Başka Sinema 2013 yılından beri “Bize Her Gün Festival” mottosuyla festivallerde gösterilen, ödüller alan ama Hollywood filmleri yüzünden salonlarda yer bulamayan filmleri sinemaseverlerle buluşturmaya devam ediyor. Yıl boyunca festival deneyimi yaşatan Başka Sinema’nın muhteşem izleme deneyimi vaat eden Eylül ayı programını sizler için derledik.
Not: Film sinopsisleri Başka Sinema’dan alınmıştır.
Barbara (5 Eylül)
Komünist Doğu Almanya’da yaşayan Barbara ülkeden çıkmak için başvuru yapınca Berlin’de doktor olarak çalıştığı hastaneden kırsal alana sürülür. Yeni iş arkadaşlarının muhbir olmasından endişelenen Barbara’nın karşısına çocuk doktoru Andre çıkar ve her şey değişir. Christian Petzold’ün yönettiği film, 2012 Berlin Film Festivali’nde En İyi Yönetmen dalında Gümüş Ayı kazandı. Barbara, 31. İstanbul Film Festivali’nde Dünya Festivallerinden bölümünde seyirciyle buluşmuştu.
Transit (7 Eylül)
Transit, yönetmen Christian Petzold’ün Başka Sinema izleyicisiyle eylül ayında buluştuğu ikinci filmi. İkinci Dünya Savaşı döneminde geçen filmde, Paris’te yaşayan Alman Georg, Nazi birliklerinin şehre yaklaşmasıyla Marsilya’ya kaçar. Georg’un planı ölü bir yazardan kendisine kalan belgelerle Meksika’ya kaçmaktır. Ancak Marsilya’da tanışacağı Marie, olayların seyrini değiştirecektir. Anna Seghers’in 1942 yılında yazdığı aynı adlı romanından uyarlanan Transit, 2018 Berlin Film Festivali’nde En İyi Film ödülüne adaydı.
Western (14 Eylül)
Valeska Grisebach’ın yönettiği film, Bulgaristan kırsalında, zorlu bir şantiyeye çalışmaya giden Alman işçilerin hikayesini anlatıyor.
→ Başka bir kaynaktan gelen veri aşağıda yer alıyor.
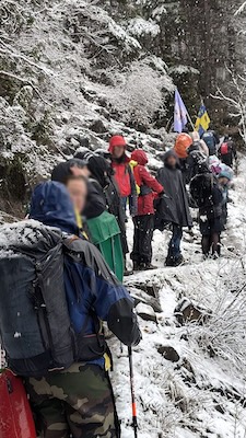 Unter den Pilgern, die die 900 Höhenmeter im Schnee bewältigten, befanden sich Teilnehmer aus verschiedenen Regionen, darunter mehrere Pfadfinder. „Wir sind durchnäßt und frieren, aber wir haben es geschafft – für La Salette.“ Viele kamen auch aus der näheren Umgebung: La Salette zieht an. Und man muß anerkennen, daß die Botschaften des Heiligtums gut in unsere bewegte Zeit passen.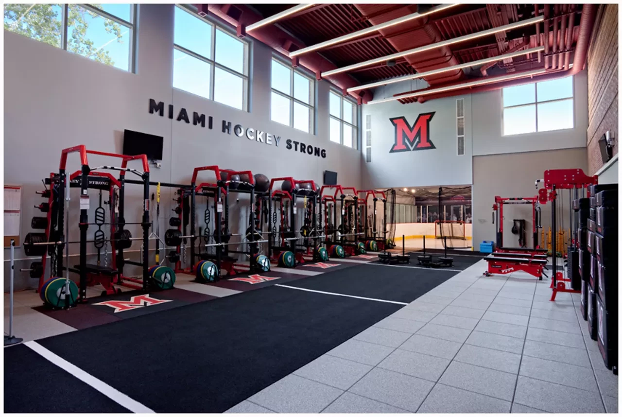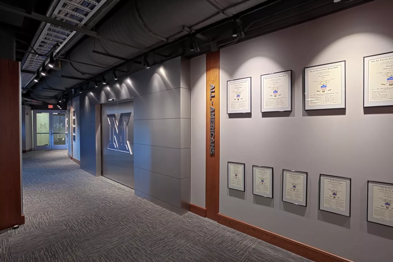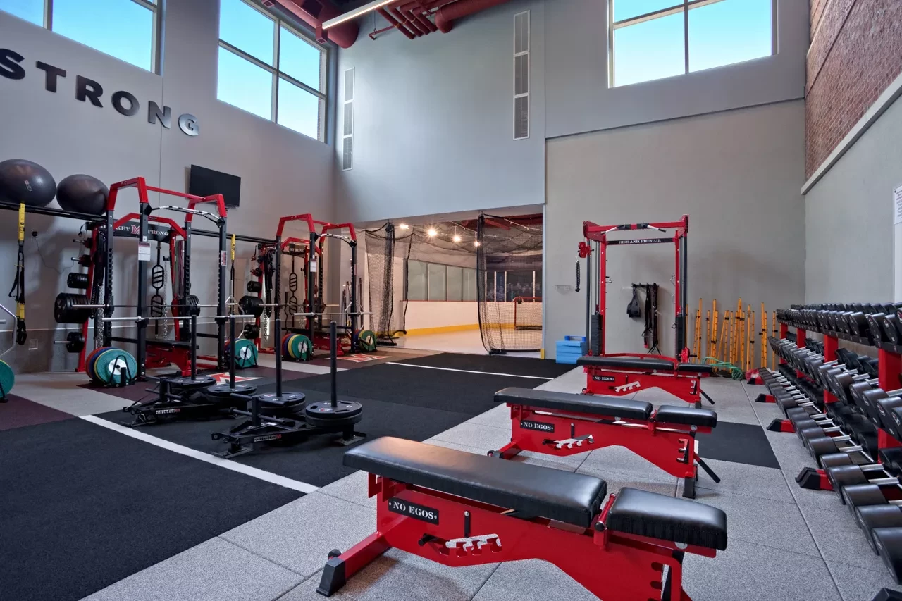 Elford provided preconstruction and construction services as the Construction Manager at Risk (CMR) for the Goggin Ice Center Hockey Performance Enhancement Addition, a 3,550 SF varsity hockey facility. Renovations included the addition of a multi-zone weight training facility, shooting room, and guest lounge on the southeast corner of the complex with the potential to include a partial second floor mezzanine over the shooting room and lounge. Also included in the project was the relocation of adjacent dry change lockers and locker room entry to enhance adjacencies and access between the addition and the existing hockey facilities along with reworking finishes between spaces to create an integrated team complex at Ice Level.

Uzak ve yabancı topraklarda çalışmak işçiler için başlarda eğlenceli olsa da olaylar git gide içinden çıkılmaz bir hal alır. İşçilerle köylüler arasında yaşanan gerilim ve işçiler arasında yaşanan şiddet olayları ile şantiye, güçlü olanın ayakta kalacağı bir arenaya döner.
Beast (14 Eylül)
Michael Pearce’ın ilk filmi olma özelliği taşıyan Beast, dünya prömiyerini Toronto Film Festivali’nde gerçekleştirdi. Beast, küçük bir adada yaşayan genç kadının adaya dışarıdan gelen bir yabancıya âşık olmasıyla gelişen olayları anlatıyor. Aşık olduğu adamın seri katil olduğu iddia edildiğinde herkese rağmen adamı savunan genç kadının yaşadıkları gerilim dolu sahnelerle izleyiciye sunuluyor.
Güvercin (21 Eylül)
Banu Sıvacı’nın ilk uzun metraj filmi olan Güvercin, dünya prömiyerini 68. Berlin Film Festivali’nde yaptı. Sofya Film Festivali’nden En İyi Yönetmen ödülü ile dönen Güvercin, Adana’da ağabeyi ve ablasıyla yaşayan Yusuf’un çalışma hayatına girince mahallesinin gerçekleriyle yüzleşmesini konu ediniyor. Yusuf, oturdukları evin çatısında, ölen babasından kalan güvercinlerini tutkuyla besleyip eğitirken ağabeyinin baskısıyla işe girer ve hayata dair birçok şeyi deneyimler.
Radiogram (21 Eylül)
1971 yılında komünist Bulgaristan’da dini ifadeler ve batı kaynaklı müzik ulusal tehdit kabul edilmektedir. BBC, Deutsche Welle, Özgür Avrupa Radyosu yasaklıdır. Gerçek bir hikâyeden esinlenen Radiogram, işte bu dönemde, rock’n’roll delisi küçük oğluna yeni bir radyo almak için 100 kilometre yürüyerek en yakın şehre giden bir babanın hikâyesini anlatıyor. Kimlik, müziğin gücü ve özgürlük hakkındaki bu sıcak dram, Bulgaristan’ın tam merkezinde, Pomakların yaşadığı Rodop Dağları’nda geçiyor.
Halef (28 Eylül)
Murat Düzgünoğlu’nun yönettiği Halef, Moskova Film Festivali’nde En İyi Film dalında aday oldu. Portakal hasadı için Adana’ya, annesinin yanına gelen Mahir, yıllar önce bir kaza sonucu ölen abisinin reenkarnasyonu olduğunu iddia eden Halef ile karşılaşır. Uzak durmaya çalışsa da, farklı vesilelerle bir araya gelmek zorunda kaldığı Halef’in çocukluk yıllarına dair anlattıkları, Mahir’in kafasını karıştırır.
Touch me not (28 Eylül)
Yakınlık ihtiyacı, cinsel fetişler ve estetik güzelliğin farklı tanımlarına odaklanan film Berlin’de Altın Ayı ödülü aldı. Romen yönetmen Adina Pintilie’nin ilk uzun metrajlı filmi olan Touch me not, önyargıların ne kadar yıkıcı olduğunu gözlemlememizi sağlayan deneysel bir dram. Kaçırılmaması gereken harika bir film.